Seu segundo casamento, durou 17 anos. “Infelizmente, minha mulher morreu. Mas ela foi a grande paixão da minha vida”, conta. Hoje, Wilson mora com a enteada e seus netos.

Andréia Cristina, vizinha, o admira muito. ”Ele é honesto e trabalhador. Sua luta para sobreviver é diária; noto em seu trabalho a dificuldade enfrentada na criação e na montagem de cada objeto. Ele tem um jeito próprio para isso e acha fácil todo o processo”.Piedade Cepreci, 66, é amiga de Wilson há muito tempo e diz que ele está sempre feliz, sorridente e de bem com a vida. Ele é um exemplo de pessoa.De fato ele se considera um homem feliz. “Tenho muitos amigos, todos gostam de mim. Eu amo minha vida, problemas todo mundo tem. Faço as coisas com garra e determinação. A vida tem que ser enfrentada com a cabeça erguida. Muita gente não tem um terço da coragem que eu tenho. Tudo que faço é por mim mesmo”.

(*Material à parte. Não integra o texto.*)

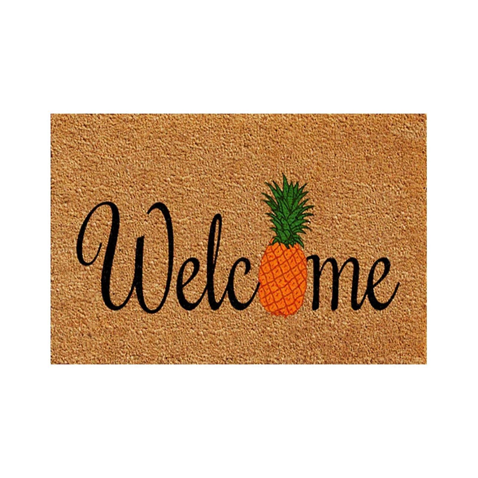 Pineapple Letter Printed Door Mat, Slip-Resistant Outdoor Entrance Porch Carpet for Front Door, Polyester Fun Floor Mat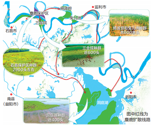1996年起,石首麋鹿開始從保護區向外擴散,部分順長江北岸向東進入小河口鎮楊波坦村黑瓦屋長江故道洲灘,再東拓至監利境內兔兒洲,這兩個麋鹿種群有600余頭。1998年長江枯水季節,保護區部分麋鹿南渡長江,抵達石首東升三合垸洲灘扎根繁衍,種群數量近600頭。其中11頭由石首調關鎮沿河流南下湖南華容終南鄉,最后8頭到達洞庭湖畔。
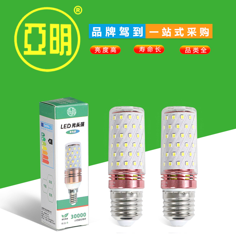 亞明之光led玉米灯泡E14E27螺口光头强节能灯正品超亮吊灯光源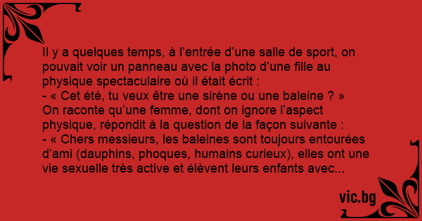 Il y a quelques temps, à l’entrée d’une salle de sport, on pouvait voir un panneau avec la photo d’une fille au physique spectaculaire où il était écrit :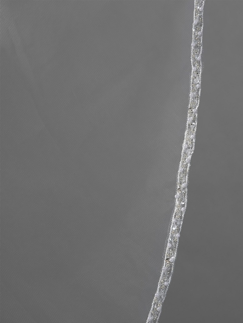 Single-layer veil in medium tulle with an edge of pearls and sequins. Length 120 cm.Also available in other lengths.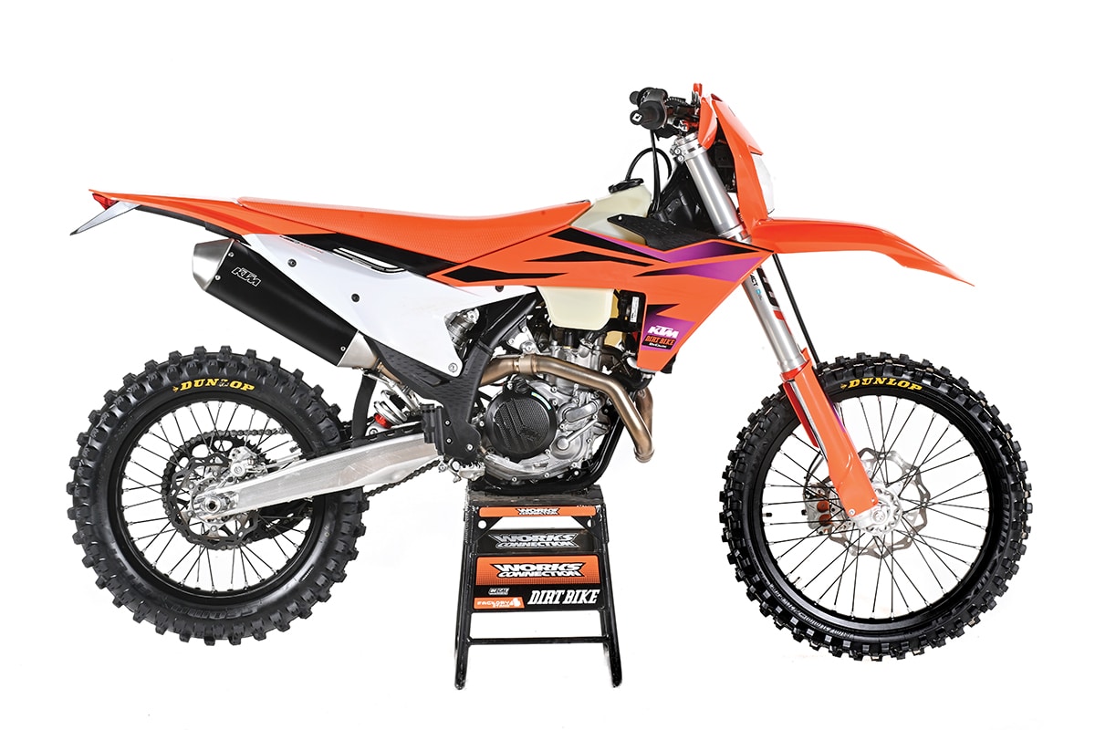 There’s a big gap between the KTM 350EXC dual-sport bike and the 350XC-F race bike. That is where this bike fits in. It uses the PDS no-linkage rear-suspension system and an Xplor coil-spring fork that’s similar to the one on the EXC. KTM has coaxed a little more performance from the 350cc 6-speed motor, mostly through less restrictive mapping. The result is a true trail bike, and the good news for California dealers and riders is that it qualifies for a state green sticker.

Wilson é aposentado e recebe um salário mínimo e, para realizar um de seus sonhos, fez um empréstimo, porém a quantia não foi suficiente.

As paredes da nova casa começaram a ser erguidas, mas o alto preço dos materiais impediu a continuidade da obra. No entanto, ele está confiante que em breve realizará seu sonho. Mas, para isso, precisa do auxílio das pessoas e não nega que quando as coisas estão muito difíceis ele pede ajuda e não se envergonha disso. Às vezes, a necessidade o impulsiona a criar utensílios de uso pessoal como suas cadeiras de rodas, confeccionadas com sucatas, peças de bicicletas, carrinho de mão, de geladeira. Sua última idéia é adaptar um mecanismo de um portão elétrico em sua cama, com objetivo de levá-lo ao banheiro. Seu segundo sonho é uma companheira, para desfrutarem de um futuro juntos.